There is a definite tinge of belligerency in the response of Tehran to Trump's decision to re-impose its economic sanctions on Iran. Reports, though still unconfirmed, have started making the rounds in international media about Iranian ballistic missiles being handed over to its Shia proxies in Iraq and further beefing up of the military muscles of these militias by Tehran to ingrain its presence in the region.
This does not augur well for the long-term peace and stability in a region which is already dotted with numerous, simmering flashpoints that have the potential to push the entire region into a whirlpool of fire and blood.
This surreal amalgam of disarrayed thinking and belligerent behavior is a very gloomy development at a time when there is a dire need for a low tone on both sides. To be fair to Khamenei and his inner circle, they cannot be entirely blamed for their current state of uncertainty and confusion.

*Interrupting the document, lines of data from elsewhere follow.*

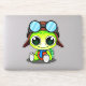 A vinyl decal with a cute chibi cartoon illustration. A green baby turtle wearing a blue scarf and brown aviator hat with goggles. Big wide kawaii eyes and an adorable smile.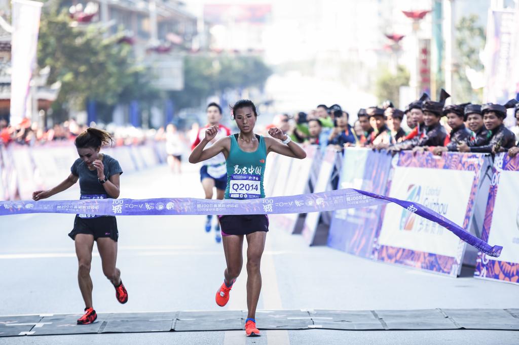 2018年12月2日,中国选手姚妙(右)以7小时07分49秒的总成绩获女子组全程冠军。当日,2018贵州环雷公山超100公里国际马拉松在贵州省从江县进行了最后一个赛段21.0975公里的比赛。体育日报记者 陶亮 摄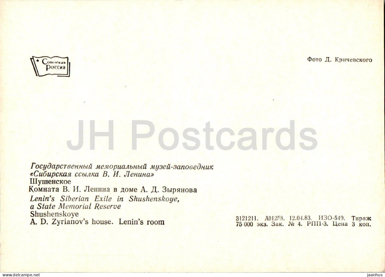 Shushenskoye - Lenin's Siberian Exile - A. Zyrianov's House - Lenin's room - 1983 - Russia USSR - unused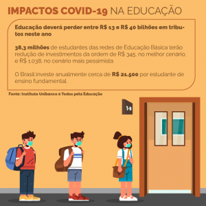 Segundo levantamento do Instituto Unibanco e Todos Pela Educação, em parceria com o Conselho Nacional dos Secretários de Educação, as redes estaduais e municipais de ensino devem perder entre R$ 13 bilhões e R$ 40 bilhões em tributos neste ano. O último relatório da série Covid-19: Impacto Fiscal na Educação Básica leva em consideração os aspectos econômicos da pandemia do novo coronavírus a partir de um mapeamento de projeções tributárias e análise da base de dados do Tesouro Nacional.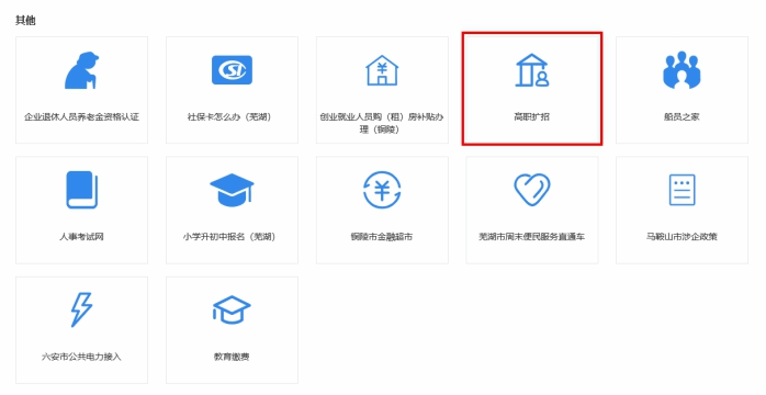 在页面最下端“其他”中找到“高职扩招”,点击即可进入高职扩招报名信息填写页面。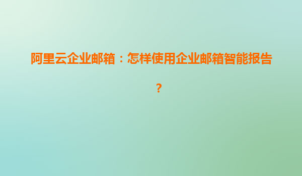 阿里云企業(yè)郵箱的智能報告使用指南 在現(xiàn)代企業(yè)管理中,電子郵件已成為不可或缺的通信工具。阿里云企業(yè)郵箱以其穩(wěn)定性和高效性,成為眾多企業(yè)的首選。本文將詳細介紹如何使用阿里云企業(yè)郵箱的智能報告功能,并探
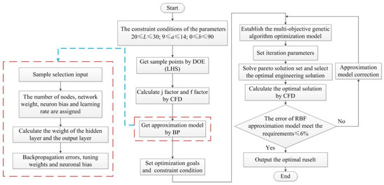 The capsule-type plate optimization problem of the heat exchanger is a multi-objective optimization problem. The optimization process is described as follows and the whole flow chart is shown in Figure 6.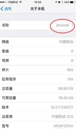 进入了“关于本机”界面,此时我们发现界面的第一行名称,默认的就是该机型iPhone6,点击进入;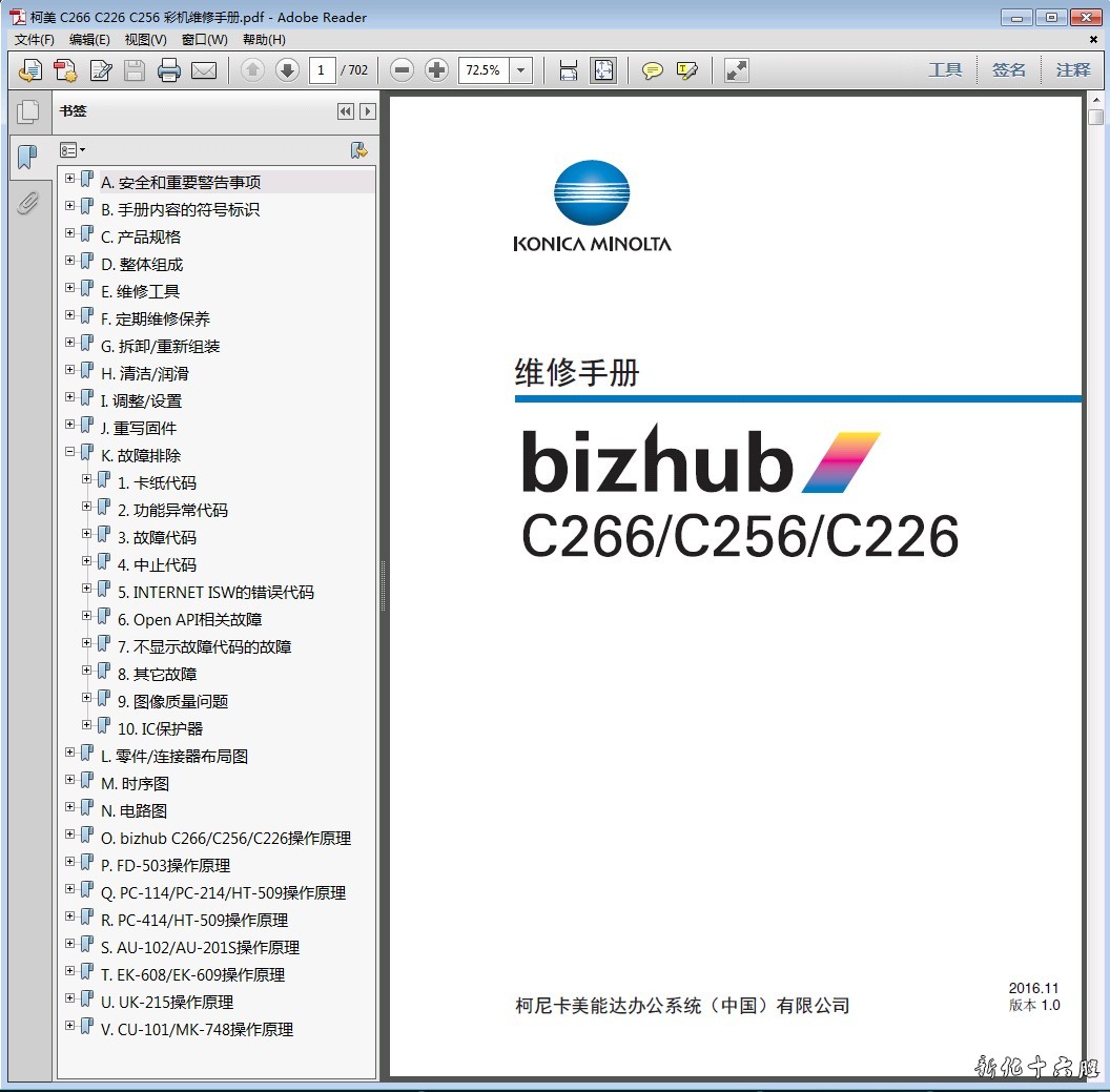 施乐Apeos 2560_3060_3560中文维修手册1.1版本

Inflation is rocketing in Iran and the local currency is getting battered with each passing day. Its value on the black market is much weaker than the official rate ― a sign of waning confidence in the currency. With a fragile economy in its backyard, the Iranian regime is struggling hard to wade through the crisis by creating a balance between reconciliation and defiance.
What's more worrisome for the Americans is Iran's capability to ignite trouble in the region by using its influence in Iraq, Syria, Yemen and Lebanon via Hezbollah, and more importantly, to impede the Strait of Hormuz, which is an important passageway for the countries in the Gulf.

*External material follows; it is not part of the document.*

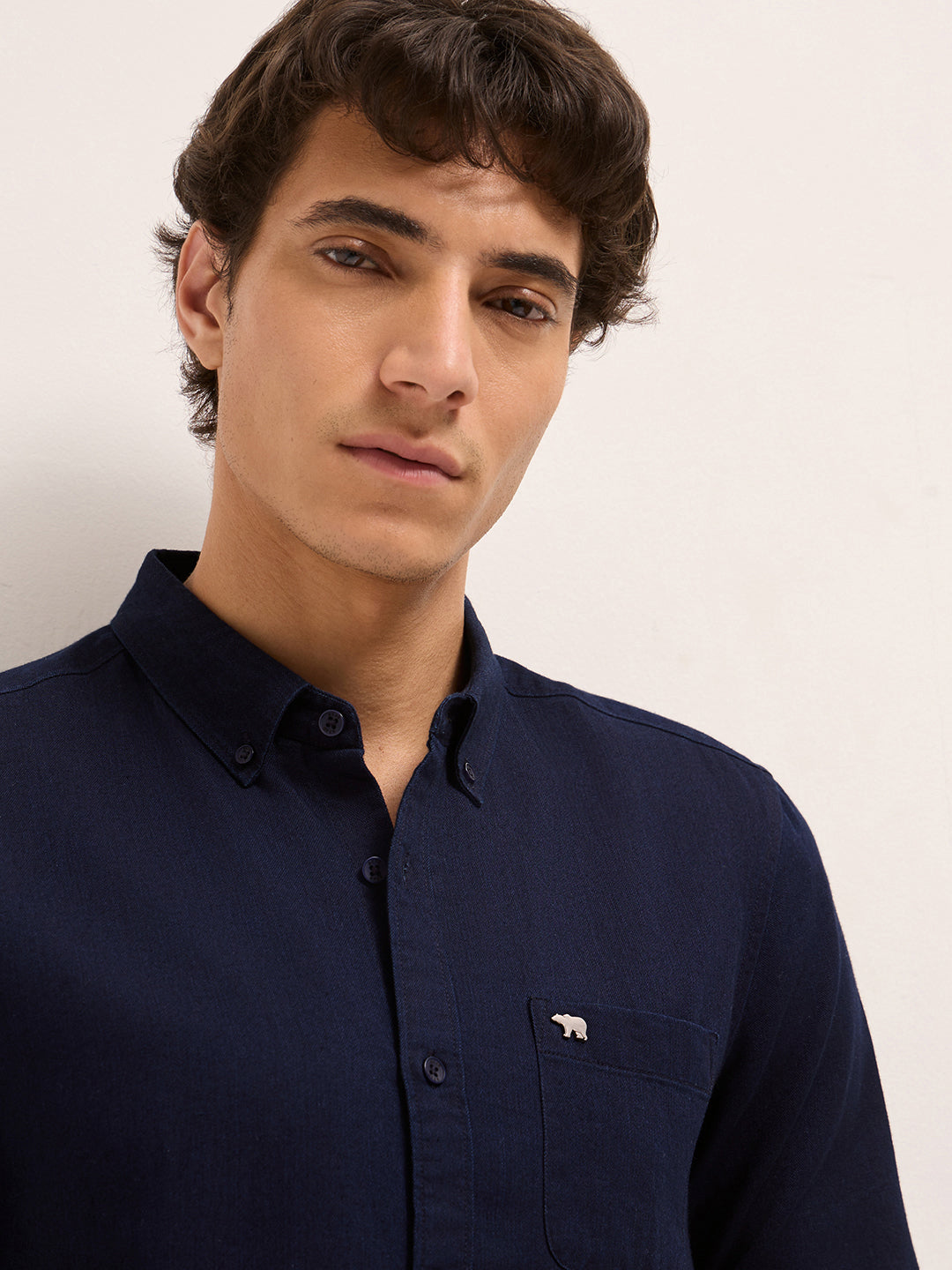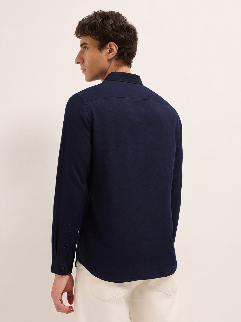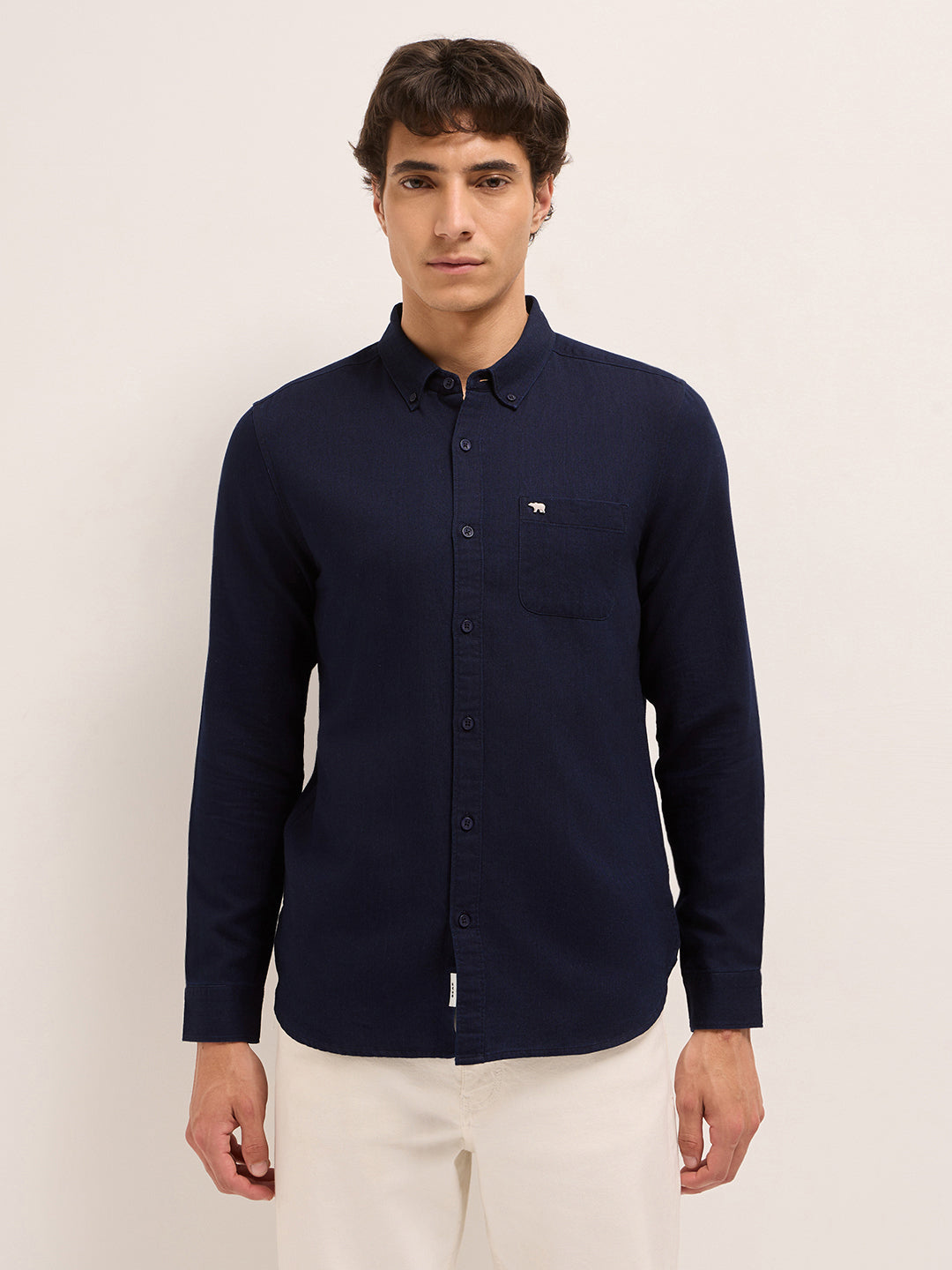 Shop Blue Solid Slim Fit Cotton Casual Shirt Online.

Though the U.S. military has already made it clear that such an action would be immediately countered with brutal force, but still some quarters within the Trump administration are quite wary of the hawks in Tehran who are trying to convince Khamenei to go for a showdown so as to divert the attention of the public from the withering socioeconomic conditions at home.

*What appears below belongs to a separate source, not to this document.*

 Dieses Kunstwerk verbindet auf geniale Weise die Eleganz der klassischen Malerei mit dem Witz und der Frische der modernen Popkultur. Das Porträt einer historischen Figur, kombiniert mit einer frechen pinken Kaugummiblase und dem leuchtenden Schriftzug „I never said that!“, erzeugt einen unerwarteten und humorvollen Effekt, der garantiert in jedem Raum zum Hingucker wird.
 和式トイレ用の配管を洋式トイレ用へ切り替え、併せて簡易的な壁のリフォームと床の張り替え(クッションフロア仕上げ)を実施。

The origin of Trump's anti-Iran theme can be traced to two factors. One, President Trump's withdrawal from the Iran nuclear deal was a direct attempt to dismantle the signature foreign policy achievement of his predecessor Barack Obama.
Trump's disdain for Obama is an open secret and he has been looking for ways to unravel the Obama legacy as quickly as possible. Be it a national healthcare plan or the Iran nuclear deal, Trump is doing all it takes to erase the fingerprints of Obama from the Oval Office.
And secondly, there is immense pressure from Benjamin Netanyahu, his closest ally, to isolate and undermine Tehran in the region where Israel is finding it hard to carve a vantage position from where it can permanently dictate the geopolitical fabric of the Middle East. Trump has always proudly bragged about his pro-Israel stance and he is expected to resort to any reckless maneuvering to safeguard Israeli interest in the region.
Iran is still officially committed to remain in the deal, which practically inhibited its nuclear ambitions for a decade or more in return for removal of the sanctions that had stifled its economy. So is the stance of France, Germany and Britain, who favor the nuclear deal as a guarantee against nuclear destabilization in the region. They also fear the prospect of a trans-Atlantic trade clash as European companies face American sanctions for doing business with Iran.
China and Russia, signatories to the deal, are also vehemently supporting the efforts to salvage it. Not surprisingly, the European Union has been trying hard to bolster Tehran's hopes of preserving the nuclear agreement, discarded by Trump in May, with steps essentially to protect European companies having dealings with Iran from financial losses.
Trump is already quite unhappy with the European Union over its planned 50 million euro aid package for Iran, with the stated objective of compensating for the financial impact of the U.S. sanctions.
The problem with Trump is that on the matter of Tehran his strategic outlook is in direct collision with the European Union's economic and energy interests in Iran. That is why his gambit of economic sanctions has not yet been able to deliver the desired results so far.
On the other hand, the Iranian leadership has also been overly confident that China, Japan, South Korea and India will keep buying Iranian oil even if that means inviting the rage of a tariffs-happy Trump administration.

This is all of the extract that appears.